Recent attention has been paid to fluid inclusions in surficial minerals for their ability to capture and preserve aliquots of ancient atmospheric gas. Through mechanical or thermal decrepitation, the volatiles trapped in these multiphase inclusions can be analyzed by mass spectrometry, providing direct constraints on the composition of the Earth’s ancient atmosphere. It is often assumed that this measured gas composition reflects directly the atmosphere under which the minerals precipitated. However, when the effects of gas solubility are neglected, the interpreted atmosphere is likely to be erroneous, reflecting a mixture of gas and brine. Here, we present a novel technique and computer code, MAGPI (Method for Atmospheric Gas Partitioning from fluid Inclusions), to partition the atmospheric volatiles between the gas and aqueous phases present at the time of inclusion formation and volatile entrapment.
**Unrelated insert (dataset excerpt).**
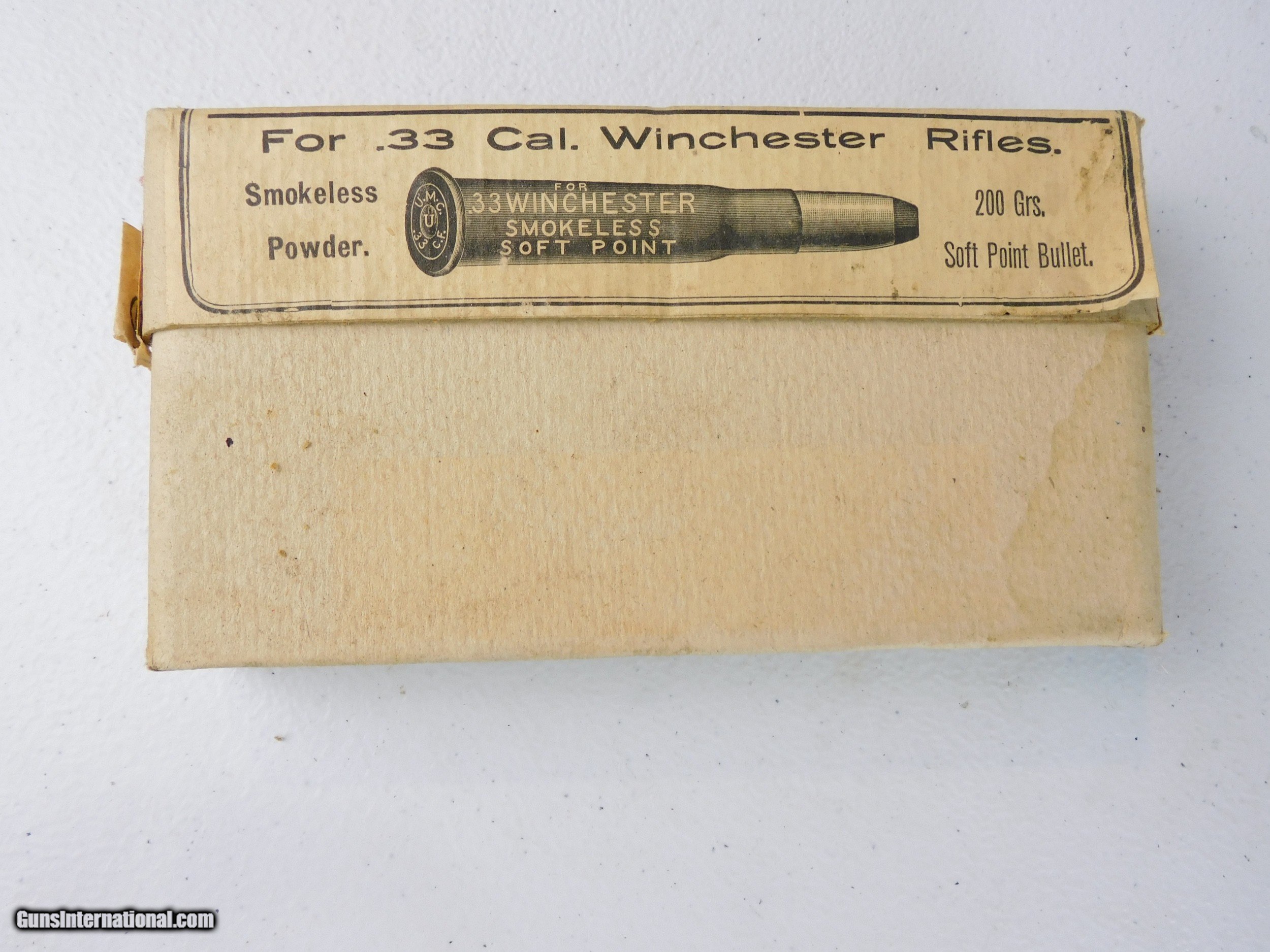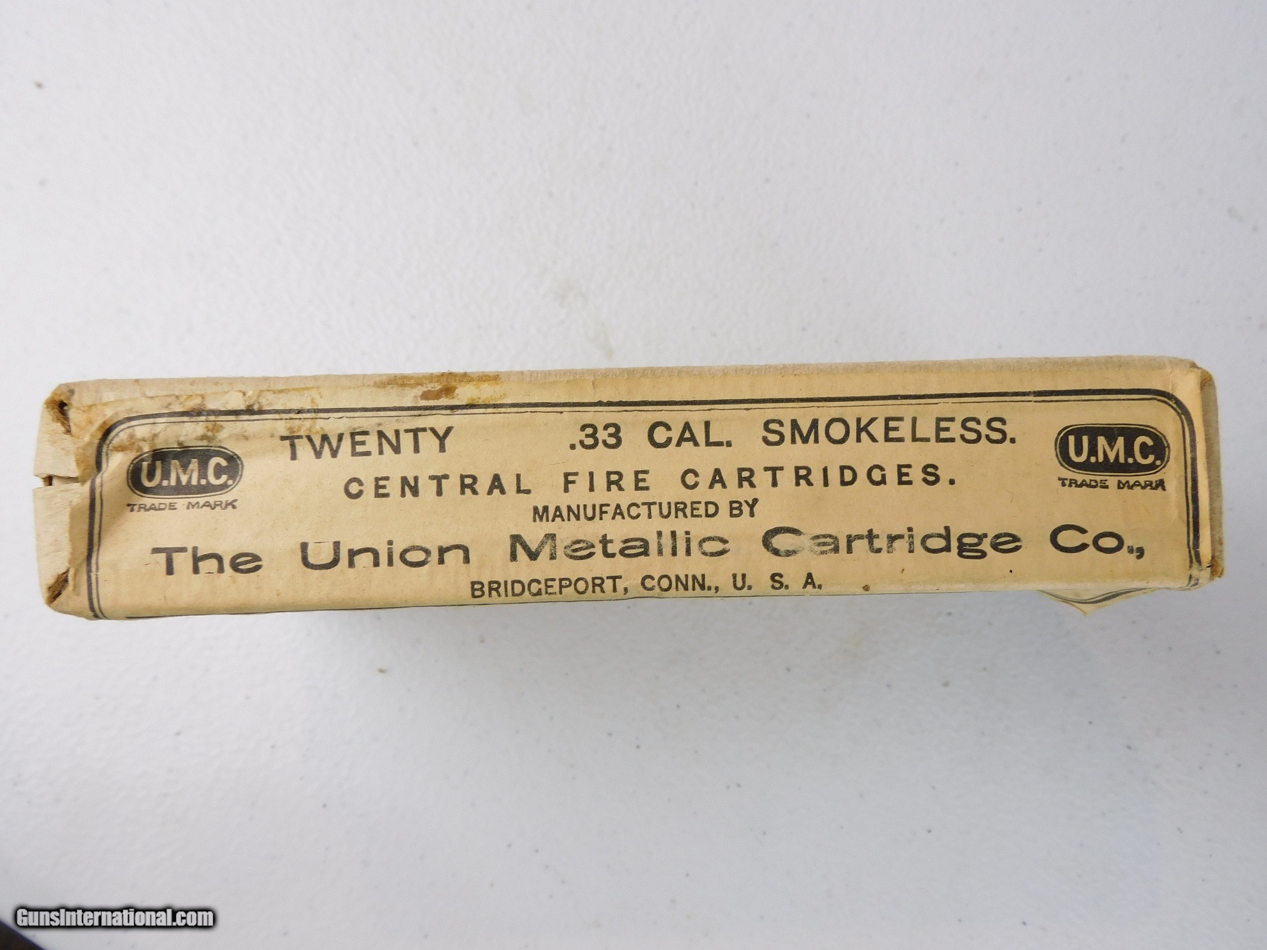 Description: #3885MA 33 Win. 200 gr. SP cartridges in UMC 20 rd. tan 2 piece box in VG condition, circa 1930s, very early. $100 SOLD |

The N2/40Ar ratios of the released gases are used to calculate the volume fractions of the gaseous and aqueous phases present at the time of entrapment, which allows the observed gas ratios to be corrected to accurately reflect the composition of the atmosphere under which they formed. We validate our method on contemporary halite fluid inclusions, and then apply it to existing data from a suite of Tonian (815 Ma) halite and gypsum evaporites from the Browne Formation, Australia, and the Minto Inlet Formation, Canada. The results of our partition indicate that the Tonian atmosphere contained 92.83 ± 0.70 % N2, 6.62 ± 0.71 % O2, 0.47 ± 0.01 % Ar, and 0.08 ± 0.07 % CO2, which is consistent with other proxy and model reconstructions of the Neoproterozoic atmosphere. These results demonstrate the importance of phase chemistry in fluid inclusion gas analyses and provide a fundamental framework for future studies of Earth’s atmospheric evolution through inclusion gases.